## [WORK INSTRUCTION]
The output should match, line for line, the records from the line containing "La manifestazione, organizzata" through the line containing "Several are used", with every picture left out.

## [EXERCISE MATERIALS]
────────

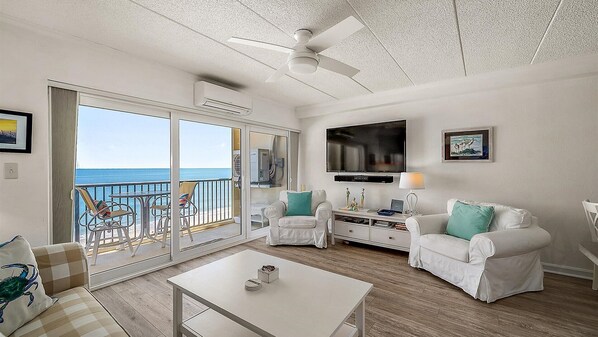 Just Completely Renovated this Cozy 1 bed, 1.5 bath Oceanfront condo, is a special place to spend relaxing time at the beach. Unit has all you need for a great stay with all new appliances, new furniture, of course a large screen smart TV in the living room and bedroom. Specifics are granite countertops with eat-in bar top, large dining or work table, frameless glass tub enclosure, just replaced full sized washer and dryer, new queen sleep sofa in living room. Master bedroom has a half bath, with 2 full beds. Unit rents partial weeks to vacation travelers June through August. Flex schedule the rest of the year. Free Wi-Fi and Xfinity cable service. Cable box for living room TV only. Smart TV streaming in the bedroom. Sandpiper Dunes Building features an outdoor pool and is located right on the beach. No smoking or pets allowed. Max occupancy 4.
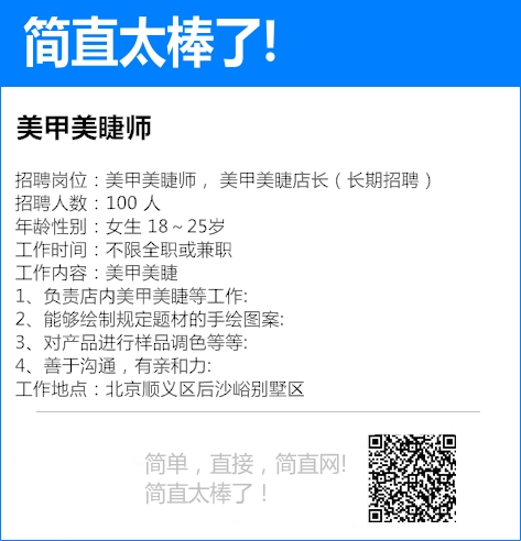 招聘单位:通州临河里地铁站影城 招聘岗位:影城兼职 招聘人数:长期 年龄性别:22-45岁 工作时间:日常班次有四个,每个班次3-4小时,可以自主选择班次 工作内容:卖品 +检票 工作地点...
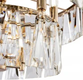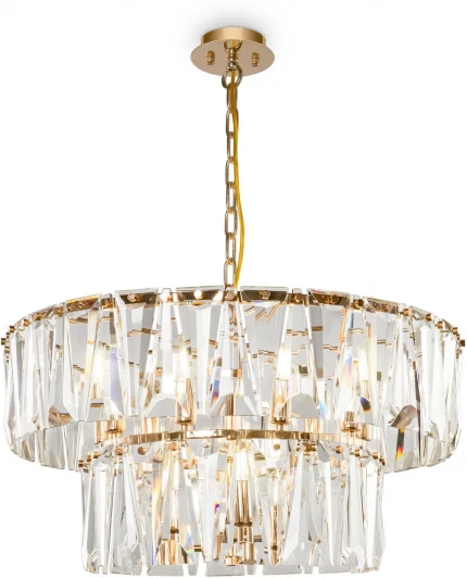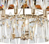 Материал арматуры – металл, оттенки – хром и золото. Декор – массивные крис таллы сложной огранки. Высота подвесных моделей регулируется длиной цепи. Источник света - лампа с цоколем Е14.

────────

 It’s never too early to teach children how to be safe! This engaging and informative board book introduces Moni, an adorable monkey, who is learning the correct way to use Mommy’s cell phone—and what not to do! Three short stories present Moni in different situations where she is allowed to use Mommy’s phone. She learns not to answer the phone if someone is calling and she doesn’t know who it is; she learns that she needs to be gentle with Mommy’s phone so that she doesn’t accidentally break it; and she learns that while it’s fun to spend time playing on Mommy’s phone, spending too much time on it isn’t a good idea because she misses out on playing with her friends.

────────

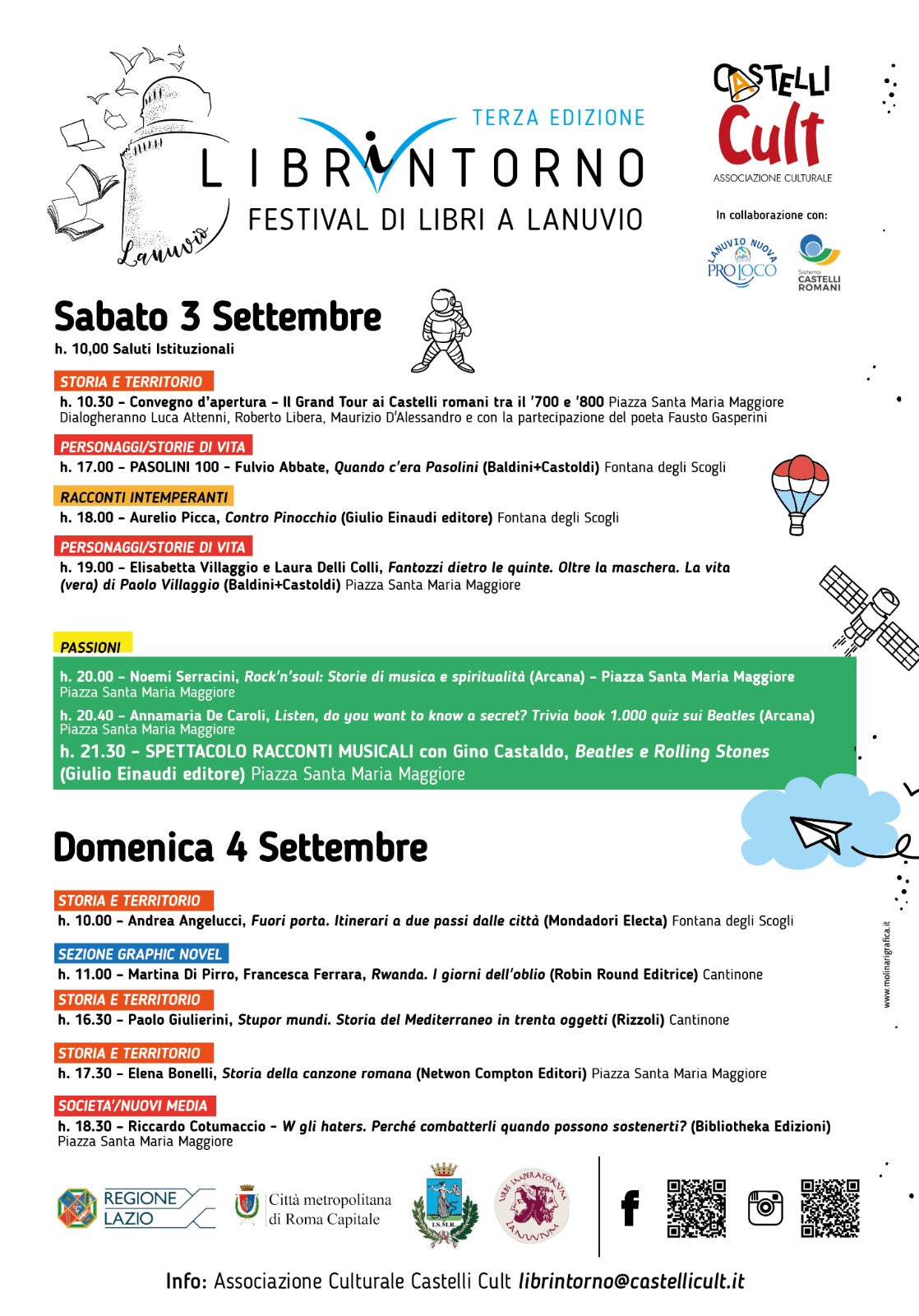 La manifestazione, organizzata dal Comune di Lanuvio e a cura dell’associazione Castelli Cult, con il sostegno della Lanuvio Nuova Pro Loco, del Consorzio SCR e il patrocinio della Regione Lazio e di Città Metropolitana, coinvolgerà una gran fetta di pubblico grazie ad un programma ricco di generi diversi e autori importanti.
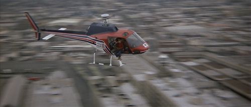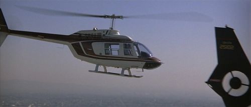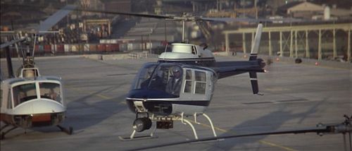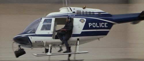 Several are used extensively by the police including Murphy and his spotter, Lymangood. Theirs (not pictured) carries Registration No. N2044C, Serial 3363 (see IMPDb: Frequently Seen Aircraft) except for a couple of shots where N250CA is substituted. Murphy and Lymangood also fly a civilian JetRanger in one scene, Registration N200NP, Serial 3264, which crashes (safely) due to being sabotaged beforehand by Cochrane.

────────

## [EXPECTED ANSWER]
 La manifestazione, organizzata dal Comune di Lanuvio e a cura dell’associazione Castelli Cult, con il sostegno della Lanuvio Nuova Pro Loco, del Consorzio SCR e il patrocinio della Regione Lazio e di Città Metropolitana, coinvolgerà una gran fetta di pubblico grazie ad un programma ricco di generi diversi e autori importanti.
 Several are used extensively by the police including Murphy and his spotter, Lymangood. Theirs (not pictured) carries Registration No. N2044C, Serial 3363 (see IMPDb: Frequently Seen Aircraft) except for a couple of shots where N250CA is substituted. Murphy and Lymangood also fly a civilian JetRanger in one scene, Registration N200NP, Serial 3264, which crashes (safely) due to being sabotaged beforehand by Cochrane.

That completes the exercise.